MPP Caroline Mulroney, Annabel Slaight and Ernie Hardeman, Min of Agriculture at ClearWater Farm

By: Mike Anderson

An innovative training program run by the Ontario Water Centre, the not-for-profit organization that operates ClearWater Farm in Willow Beach, will receive $150,000 in provincial funding from the Ministry of Agriculture, Food and Rural Affairs.

The Young Agripreneurs Program (YAP) provides hands-on experience to young people interested in pursuing careers in regenerative agriculture, which aims to reverse climate change by improving soil health, water management and reducing fertilizer use.

The funding will allow 29 young people to receive training to start their own eco-friendly farms.

The funding is part of a larger $3.3 million cost-sharing program provided to 58 projects through Ontario’s Rural Economic Development Program (RED).

The goal is to help rural and indigenous communities diversity their economies, retain skilled workers, build infrastructure and create jobs.

The funding was announced at an event held at Clearwater Farm in Willow Beach, on July 23, with Ernie Hardeman, Minister of Agriculture, joined by Caroline Mulroney, MPP York-Simcoe, and Annabel Slaight, Chair and Founder, Ontario Water Centre.

“Supporting local jobs and removing barriers to investment and economic growth in rural communities is more important than ever,” Minister Hardeman said.

“As the economy reopens, our investments in the Rural Economic Development program will have a very real impact for communities across rural Ontario.”

“Through today’s investment, our government is creating jobs and driving economic growth at a time when it is needed most in rural Ontario,” added MPP Mulroney.

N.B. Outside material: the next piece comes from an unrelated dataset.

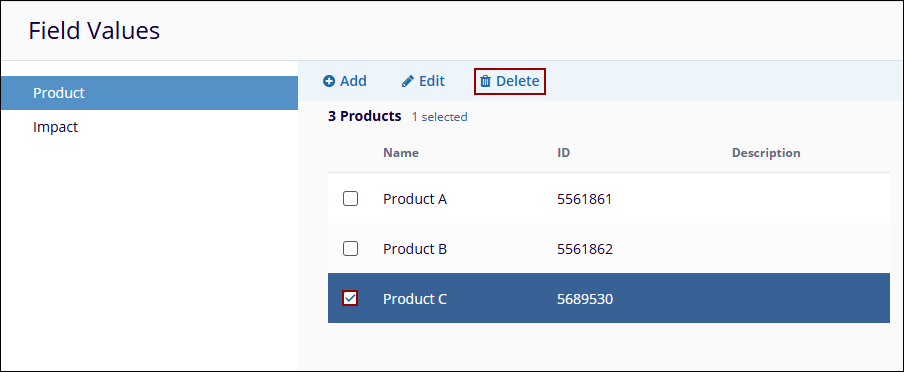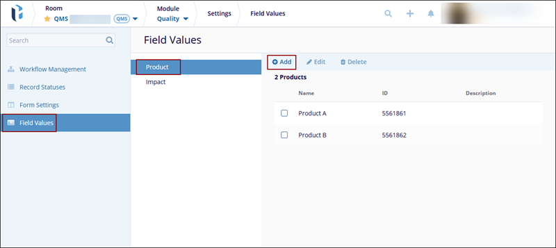 The ‘Products’ tab allows Admin users to configure a list of products that the Originator or Record Creator users define in the Incident, Action Item, and CAPA forms.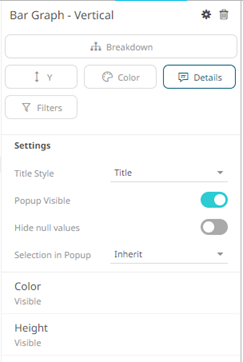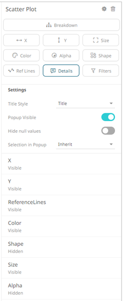 1. Click on the Details button of a visualization. The Details Settings pane displays along with the available variables of the visualization.

“By investing in today’s youth and career development through great local organizations like the Ontario Water Centre, we’re ensuring young people can stay and work in their own communities.”

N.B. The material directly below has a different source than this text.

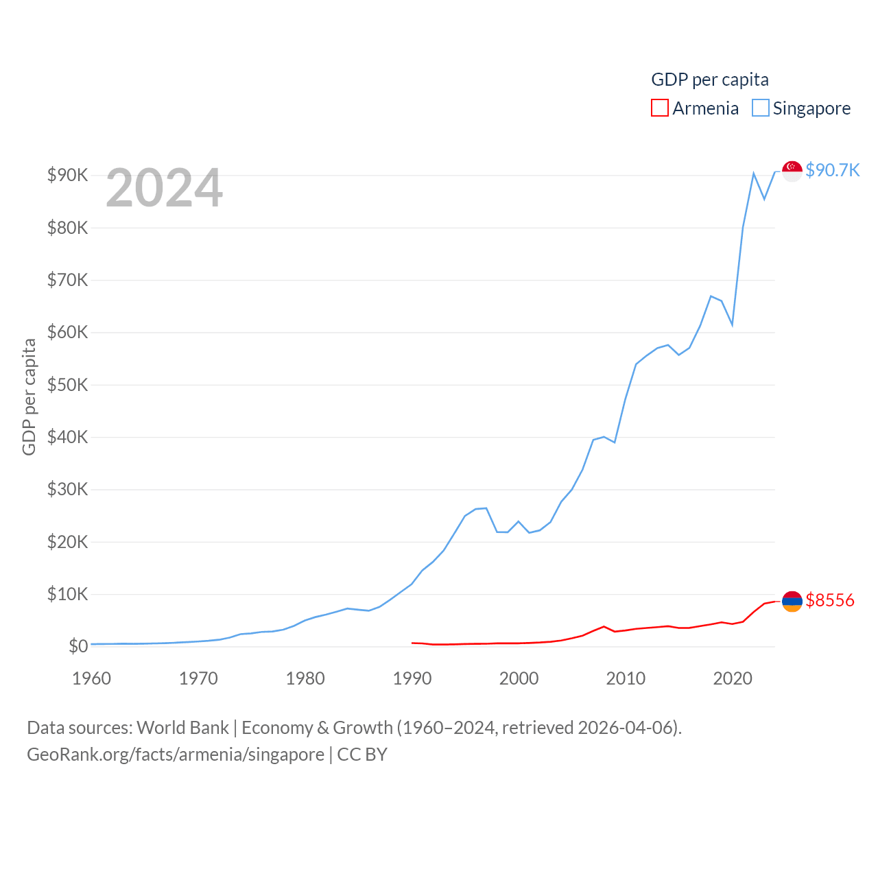By GDP, Armenia ranks 114/197 ($26B) and Singapore ranks 28/197 ($547B). By GDP per capita, Armenia ranks 90/197 ($8,556), while Singapore ranks 7/197 ($90,674).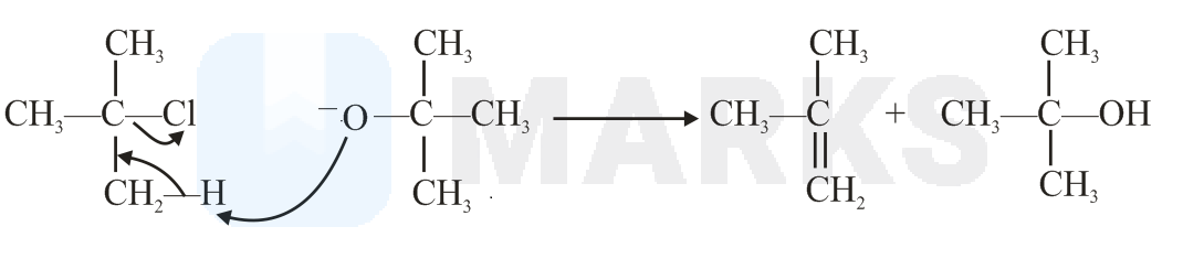 is a very strong base and a weak nucleophile due to its bulkiness. So it will give elimination reaction as follows.

“This new RED grant helps us envision 29 young people being able to follow their passion to become leaders in local regenerative farming,” Ms. Slaight said.

“They will have a viable pathway to being eco farmers – through access to land, capital, marketing and hands-on training. And the hope is that they will also become part of seeding a new kind of agriculture with meaningful local roots in Georgina and beyond.”